┌──
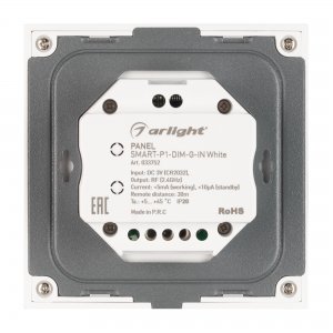 | Описание, дополнительно: | | | Встраиваемая роторная панель 2.4 ГГц, цвет белый. Материал - стекло/пластик. Для управления одноцветными источниками света (ШИМ). Управление яркостью с помощью роторного вращателя. Питание/рабочее напряжение 3VDC от батарейки CR2032. Габариты 86х86х48 мм. Предназначена для установки в стандартный подрозетник. Панель совместима с диммерами серии SMART. |
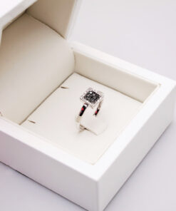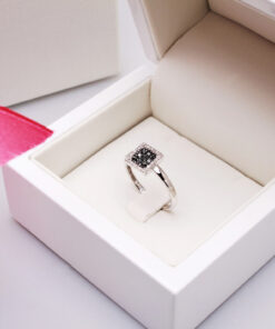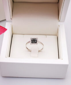 Wyjątkowy pierścionek z białego złota próby 0,585, który zachwyca oryginalnym geometrycznym wzorem. W centrum znajduje się dziewięć czarnych diamentów o łącznej masie 0,135 ct, tworzących efektowną, kwadratową kompozycję. Otacza je 16 białych diamentów o masie 0,08 ct, które subtelnie kontrastują z ciemnym środkiem, podkreślając elegancję i nowoczesność pierścionka. To odważna i stylowa propozycja dla kobiet ceniących unikalny design.
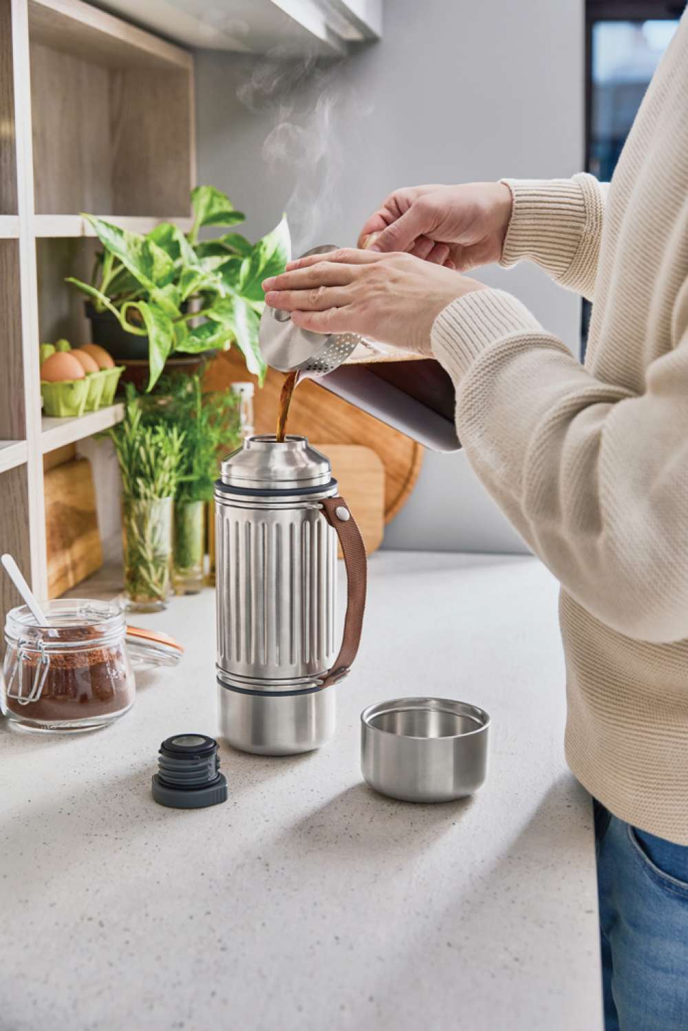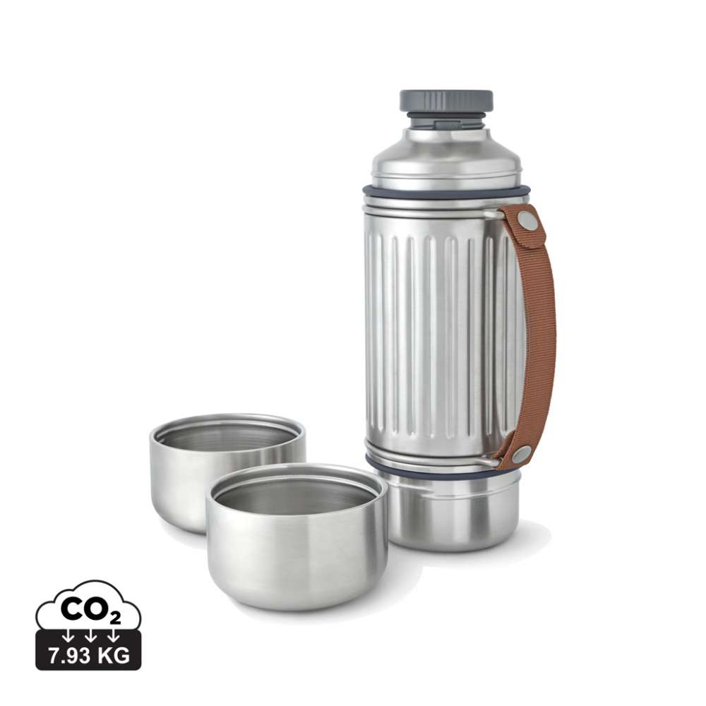 Denna vakuumisolerade flaska i rostfritt stål (1L) passar alla äventyr – från vandring till skidåkning. Håller drycker varma eller kalla i upp till 24 timmar. Den är helt läckagesäker och har ett stållock med enkel hällmekanism samt två dubbelväggiga koppar i rostfritt stål för att dela med sig. De breda kopparna står stadigt även på ojämna underlag, och ett tjockt nylonband gör den lätt att bära eller hälla med. Silikontätning förhindrar spill och flaskan tål diskmaskin (utan remmen).
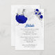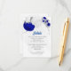 Romantique bleu royal & fleurs blanches avec argent feuille botanique mariage détails carte d'enceinte. Les détails de la parties scintillant sont simulés.
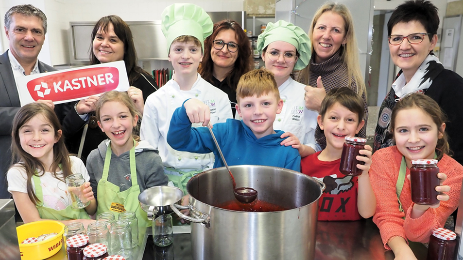 Beim Projekt Children Charity Cooking verarbeiten Kinder übrig gebliebene Lebensmittel der Firma Kastner in der Küche der HLM Krems zu gesunden Speisen. Dabei lernen sie, dass es mehr gibt als Fast Food – und dass nachhaltiges Kochen Freude macht. Mit dem Verkauf der eingekochten Köstlichkeiten konnte nun die erste Spende von 2.000 Euro an eine Familie in Droß übergeben werden.
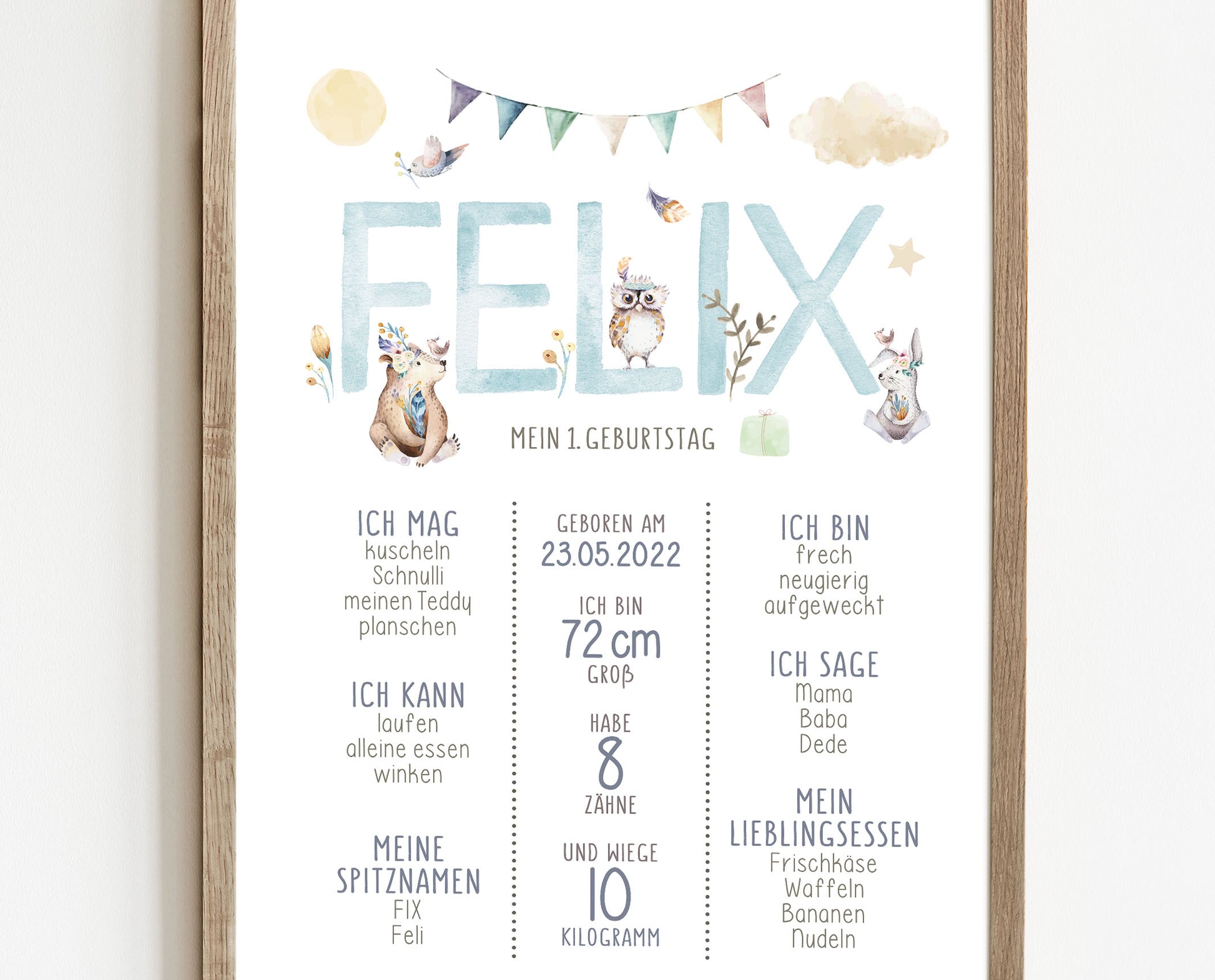 Meilensteintafel zum 1. Geburtstag, personalisiert, Waldtiere, Geburtstagsposter 6
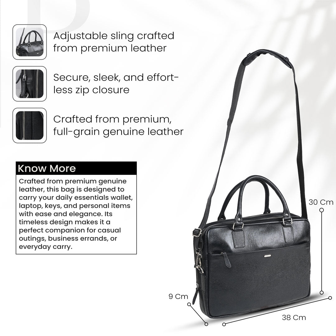 This sleek black leather bag is thoughtfully designed with multiple compartments, smooth YKK zippers, and an adjustable sling strap for maximum comfort. Whether you’re heading to the office, attending a client meeting, or catching a flight, the Bagsity Signature Bag ensures you always carry your essentials in style.
└──
Exercise brief =
Without the pictures, write out every entry precisely as it appears.

Expected answer =
 | Описание, дополнительно: | | | Встраиваемая роторная панель 2.4 ГГц, цвет белый. Материал - стекло/пластик. Для управления одноцветными источниками света (ШИМ). Управление яркостью с помощью роторного вращателя. Питание/рабочее напряжение 3VDC от батарейки CR2032. Габариты 86х86х48 мм. Предназначена для установки в стандартный подрозетник. Панель совместима с диммерами серии SMART. |
 Wyjątkowy pierścionek z białego złota próby 0,585, który zachwyca oryginalnym geometrycznym wzorem. W centrum znajduje się dziewięć czarnych diamentów o łącznej masie 0,135 ct, tworzących efektowną, kwadratową kompozycję. Otacza je 16 białych diamentów o masie 0,08 ct, które subtelnie kontrastują z ciemnym środkiem, podkreślając elegancję i nowoczesność pierścionka. To odważna i stylowa propozycja dla kobiet ceniących unikalny design.
 Denna vakuumisolerade flaska i rostfritt stål (1L) passar alla äventyr – från vandring till skidåkning. Håller drycker varma eller kalla i upp till 24 timmar. Den är helt läckagesäker och har ett stållock med enkel hällmekanism samt två dubbelväggiga koppar i rostfritt stål för att dela med sig. De breda kopparna står stadigt även på ojämna underlag, och ett tjockt nylonband gör den lätt att bära eller hälla med. Silikontätning förhindrar spill och flaskan tål diskmaskin (utan remmen).
 Romantique bleu royal & fleurs blanches avec argent feuille botanique mariage détails carte d'enceinte. Les détails de la parties scintillant sont simulés.
 Beim Projekt Children Charity Cooking verarbeiten Kinder übrig gebliebene Lebensmittel der Firma Kastner in der Küche der HLM Krems zu gesunden Speisen. Dabei lernen sie, dass es mehr gibt als Fast Food – und dass nachhaltiges Kochen Freude macht. Mit dem Verkauf der eingekochten Köstlichkeiten konnte nun die erste Spende von 2.000 Euro an eine Familie in Droß übergeben werden.
 Meilensteintafel zum 1. Geburtstag, personalisiert, Waldtiere, Geburtstagsposter 6
 This sleek black leather bag is thoughtfully designed with multiple compartments, smooth YKK zippers, and an adjustable sling strap for maximum comfort. Whether you’re heading to the office, attending a client meeting, or catching a flight, the Bagsity Signature Bag ensures you always carry your essentials in style.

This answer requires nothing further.